Goldman Sachs & Co./Salomon Brothers Inc.

Sonnenschein represented Salomon Brothers Inc. and Goldman Sachs & Co., as underwriters of the initial public offering of Gaylord Container Corporation stock, in two class actions filed by Gaylord shareholders under the federal securities laws. In the first case, the district court decertified the class upon our motion. In the subsequent class action, we won a ruling so narrowing the class that the plaintiff voluntarily dismissed the action. We also handled litigation involving claims filed in state court relating to that offering, obtaining an order of dismissal that was affirmed by the Illinois Appellate Court, which held, among other things, that the “fraud on the market” doctrine does not apply under the Illinois common law of fraud. The Illinois Supreme Court denied review.

F&M Distributors, Inc.

We represented the independent directors of F&M Distributors, Inc., in a class action pending in the U.S. District Court for the Eastern District of Michigan alleging, among other things, that the prospectus and registration statement issued in connection with F&M’s offering of subordinated notes were false and misleading in violation of the 1933 Act and the 1934 Act. F&M filed for bankruptcy protection in December 1994 and was liquidated. This case settled without personal contributions from the directors.
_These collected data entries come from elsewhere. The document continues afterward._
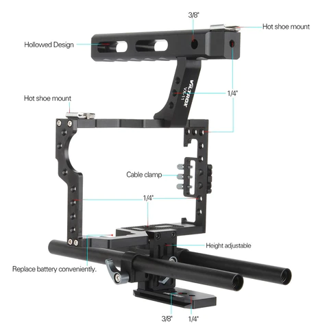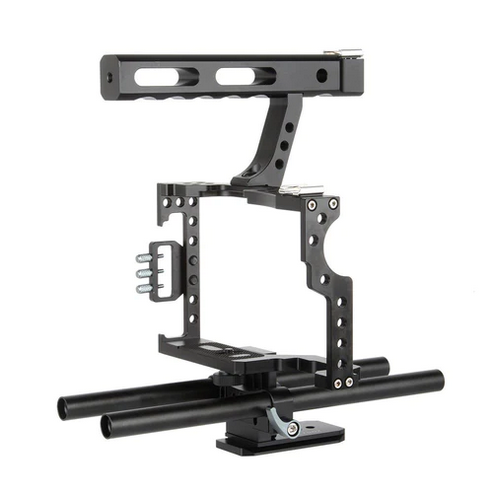 La jaula de vídeo de aleación de aluminio VX-11 es una buena opción para grabar con mayor precisión y facilidad. Cuenta con decenas de orificios estándar para tornillos de 1/4" y 3/8", así como con dos soportes de zapata, que te ayudarán a colocar fácilmente tus accesorios de vídeo. Da rienda suelta a tu creatividad.
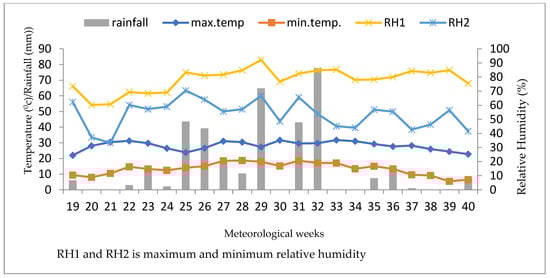 A research trial was studied at Agronomy Farm, SKUAST-K, Wadora-Sopore, J&K, in the 2 consecutive kharif seasons (2017 and 2018). Wadora is situated at 34°34′ North latitude, 74°40′ East longitude, and at 1587 m altitude from mean sea level. In the mid-latitude temperate zone, the research farm has 812 mm mean annual precipitation. During the experimental years, the total rainfall of 339.4 and 352.5 mm was received in 2017 and 2018, respectively, with minimum temperatures fluctuating from 5.25 to 19.30 °C and 5.41 to 18.6 °C. Maximum temperatures fluctuated from 24.5 to 32.7 °C and 22.0 to 31.8 °C, respectively (Figure 1 and Figure 2), and mean relative humidity (R.H) ranged from 67.3 to 90.8% and 60.1 to 92.1% (maximum R.H) and 32.1 to 64.4 percent and 33.3 to 70.4 percent (minimum R.H), respectively. This location has a cold temperate climate, with minus winter temperatures and moderate temperatures in the summer. The rice crop in this area has a growth period of 140–150 days. Samples from the top 20 cm of the soil profile were taken to assess initial nutrients. The texture of soil was silty-clay-loam, with a neutral pH and medium range of organic carbon (O.C), medium in available nitrogen (N), phosphorus (P) and potassium (K) (Table 1).
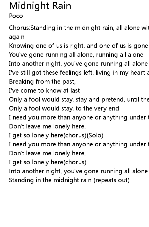 Standing in the midnight rain (repeats out)
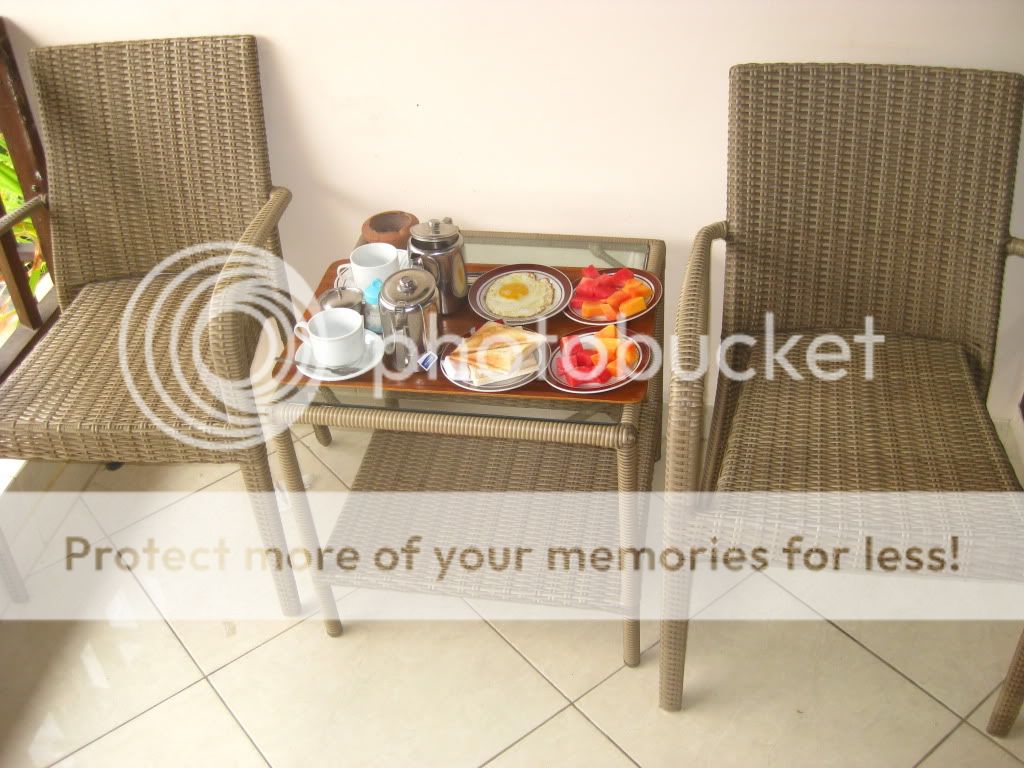 今天一早就醒(因为房间位子不怎么好,不通风,睡不好。)然后就叫了fat yogi的人送早餐来。
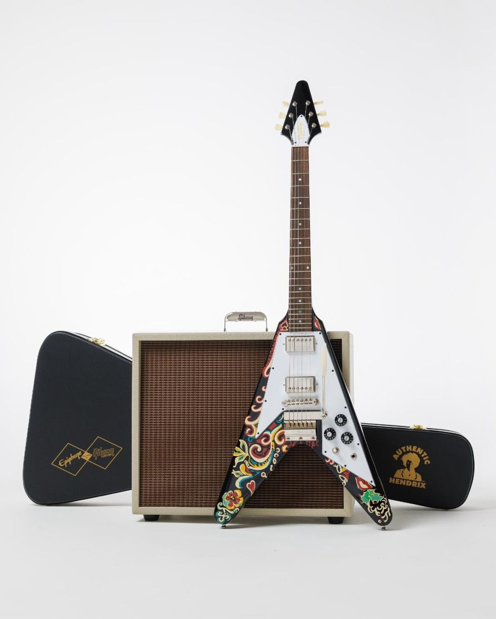 The Epiphone Jimi Hendrix “Love Drops” Flying V with custom hardshell guitar case.
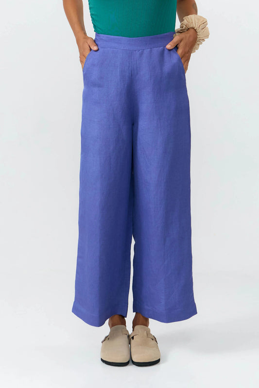 High waist culotte pants with front pockets and a wide-leg design. Side zip fly and top button fastening. Elastic back waistband for a better fit. It offers a soft and breathable feel that works throughout the day. One of those pieces that quietly does its job well.
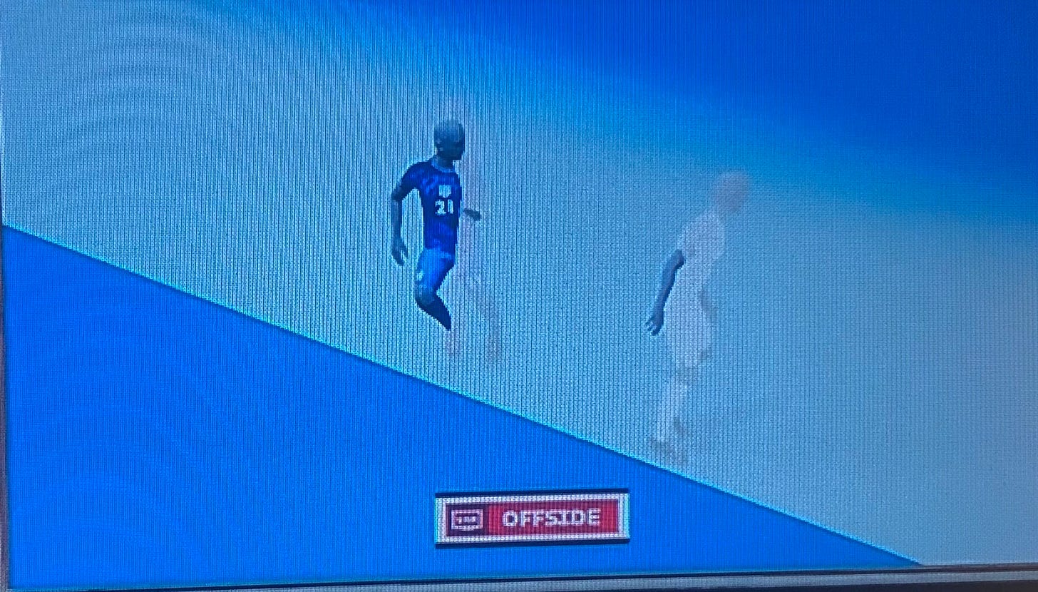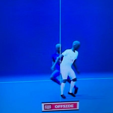I STILL don’t see it. People have explained to me that the rule now is that the offside line is drawn at the shoulder. Maybe that explains it. Maybe it doesn’t. I do not know enough about soccer to complain, but I will anyway: This is very stupid.
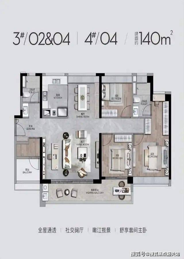 高端住宅典范:占据横沥岛尖「一线头排」稀缺位置,享有270度无遮挡海景视野,三面环幕江景,提供了至尊享受。
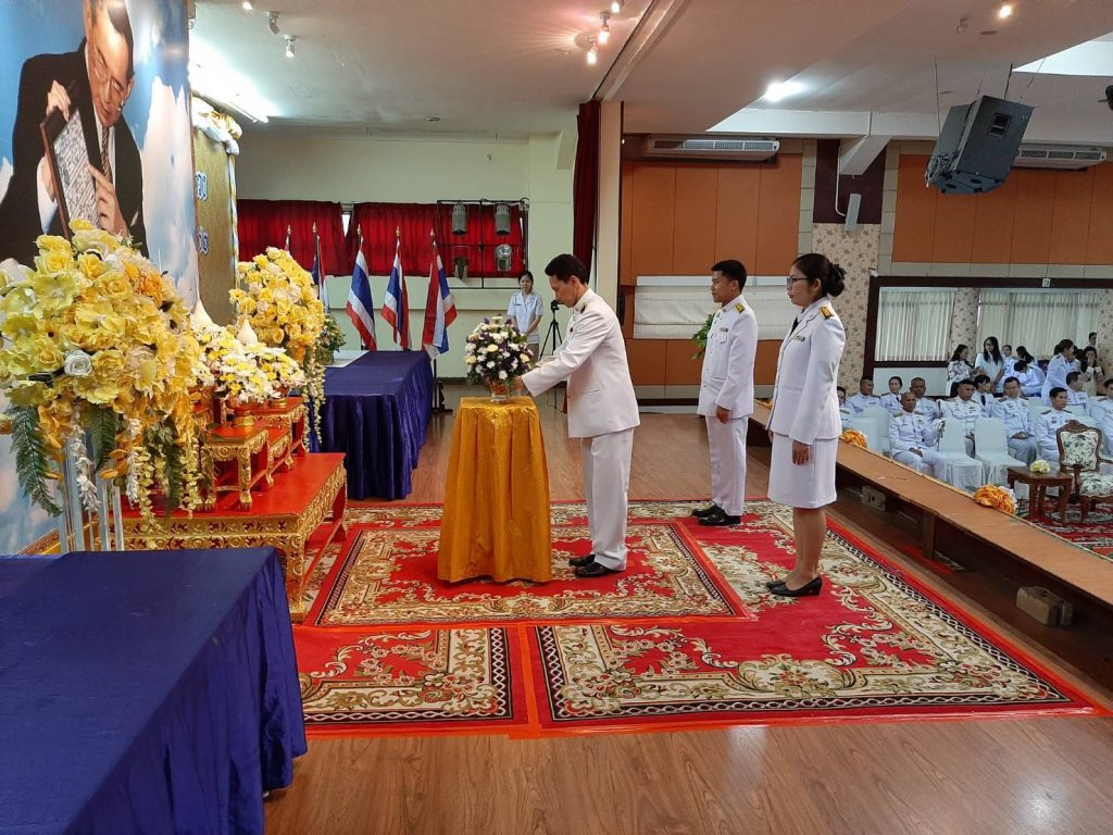 14 พ.ย.62 เวลา 7.00 น. พนักงานเทศบาลเมืองบ้านสวน เข้าร่วมพิธีวางพานพุ่มดอกไม้สดเนื่องในวันพระบิดาแห่งฝนหลวง ประจำปี 2562 ณ ศาลาเฉลิมพระเกียรติ อำเภอเมืองชลบุรี จังหวัดชลบุรี
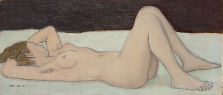 RAM (Ruggero Alfredo Michahelles) "Nuda distesa" 1963 30x70 olio su masonite...
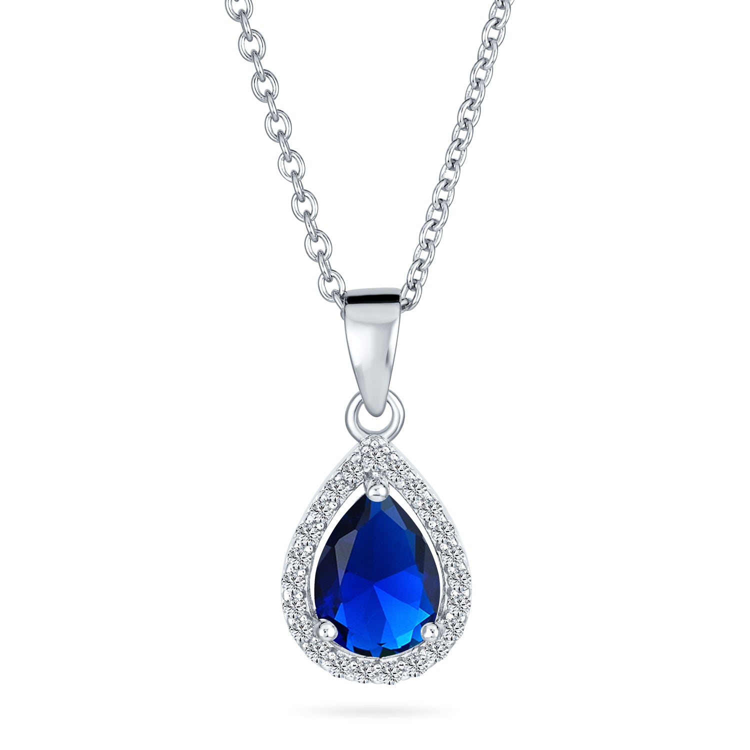 - Feel blissful and elegant with our enchanting Blue Simulated Sapphire Teardrop CZ Pendant. Crafted in .925 Sterling Silver, it dazzles with a medium Simulated Sapphire teardrop CZ stone. Surrounded by mini clear round CZs in a pave crown setting, it offers a chic look. Perfect for weddings, this affordable pendant makes a fabulous statement. Ideal for any outfit or as a holiday gift.
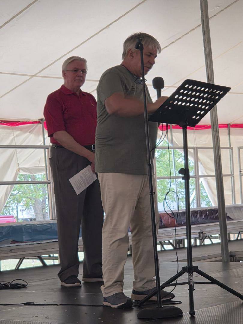 Follow Me Crusade Mitchell Gough offered prayer and introduced the speaker, Parker Coulette of Summerton, S.C. He gave his testimony from his experience at the Clarendon County Tent Revival. His experience made him a servant of the Lord. He now speaks at churches and other events. His wife also rededicated her life. The recent tent revival has definitely changed the entire Coulette Family!
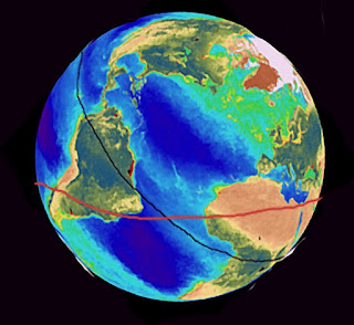 Il y a 75 000 ans et même avant cela, la ceinture d’énergie autour de la planète était complète, sous le contrôle total des Êtres Ascensionnés et avec de nombreux temples sacrés positionnés autour de l’équateur. Vous pouvez voir l’ancien équateur Atlante sur cette photo, représenté par une ligne rouge traversant l’Amérique du Sud et l’Afrique :
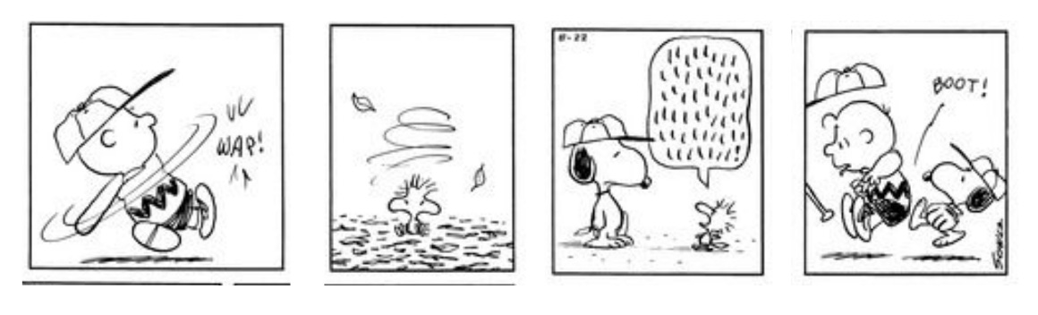What’s missing when I shortened it? Part of the setup—we aren’t quite sure where Woodstock is, and thus we don’t know exactly what happened in between the first and second panel. We don’t know that Snoopy and Woodstock have walk to a different place to do what they do. But overall, it still works.
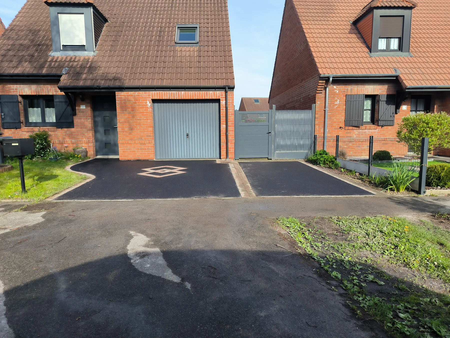 Décaissement de l'entrée ou se situé des pavés pour pouvoir y refaire des enrobés et également un motif voulu par le client tout en gardant une ligne pavé périphérique à la demande du client pour une intégration vis à vis de la façade
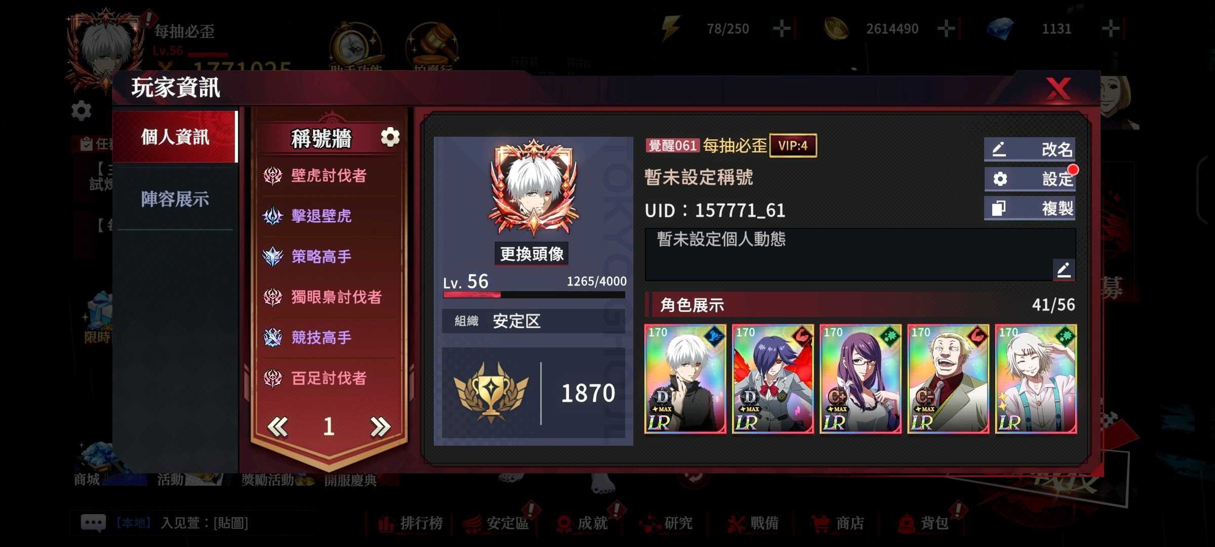 【56等】 61服 登過第一 心屬有馬 不玩了信箱整組給 SSR滿星共4隻 多高星角
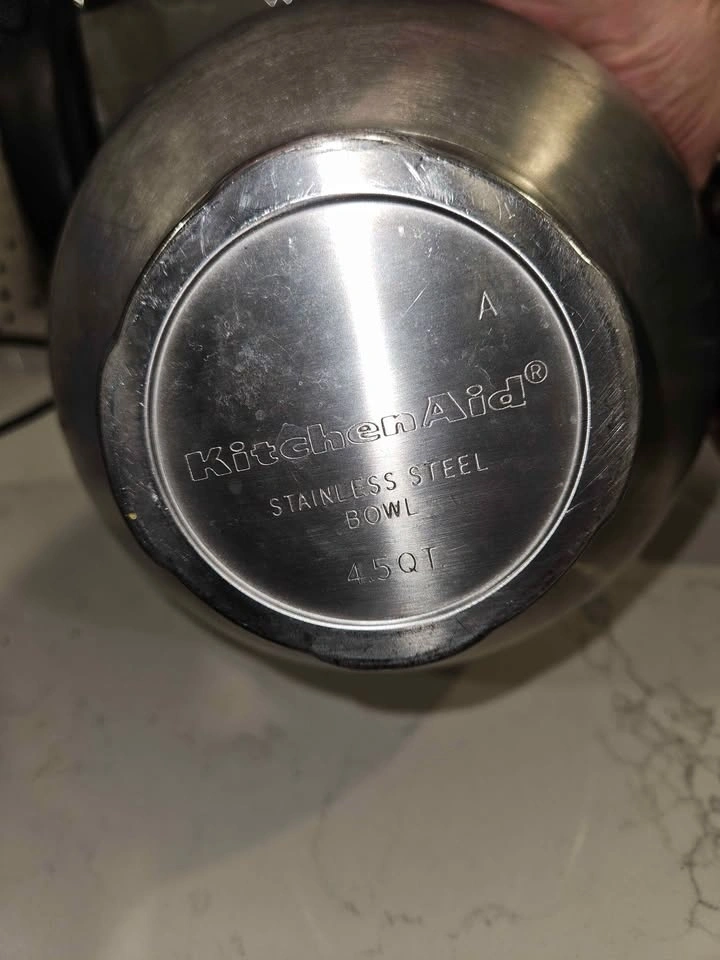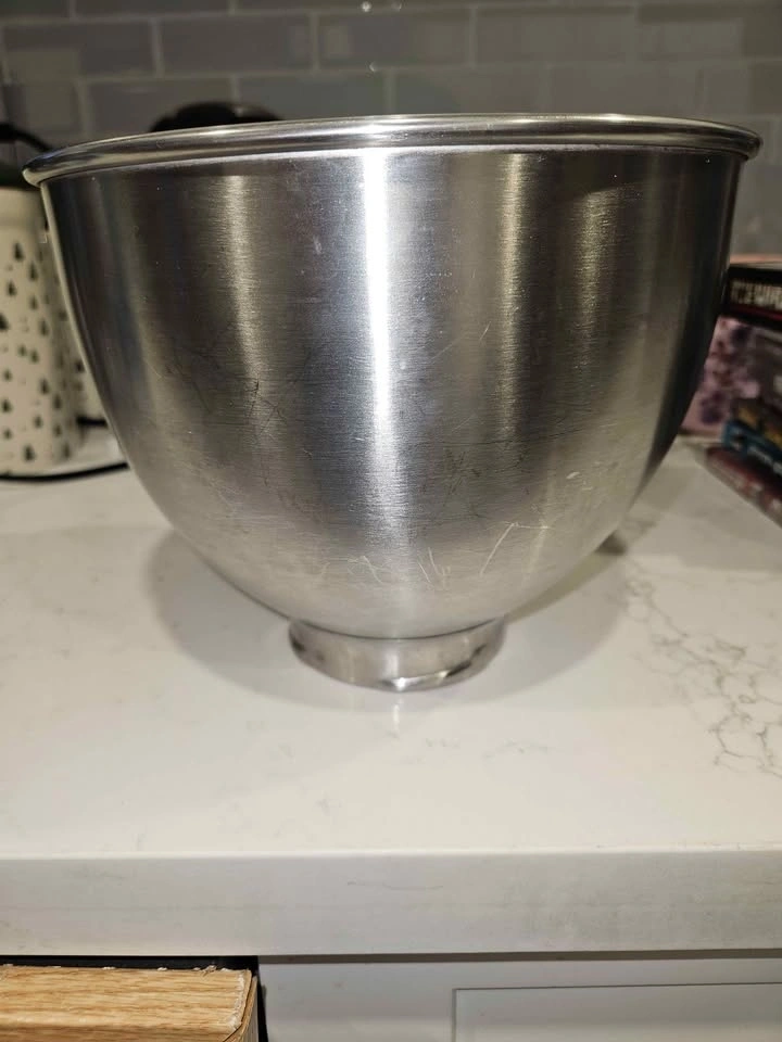 Genuine KitchenAid stainless steel mixing bowl, 4.5 quart capacity. Durable, heavy-duty bowl ideal for baking, cooking, and food prep.

Nanophase Technologies Corporation

We represented certain outside directors in In re Nanophase Technologies Corporation Securities Litigation, pending in the U.S. District Court for the Northern District of Illinois. The case was brought as a class action and alleges violations of Sections 11, 12 and 15 of the 1933 Act. Plaintiffs claimed that sales figures in the prospectus were misleading because the prospectus failed to disclose that a substantial percentage of the reported revenue allegedly came from a one-time development fee for a single customer that was not likely to recur. This case settled.

Lumenis Ltd.

Sonnenschein is defending Lumenis Ltd. and its officers and directors in nine securities fraud class actions brought on behalf of investors that are pending in U.S. District Court for the Southern District of New York.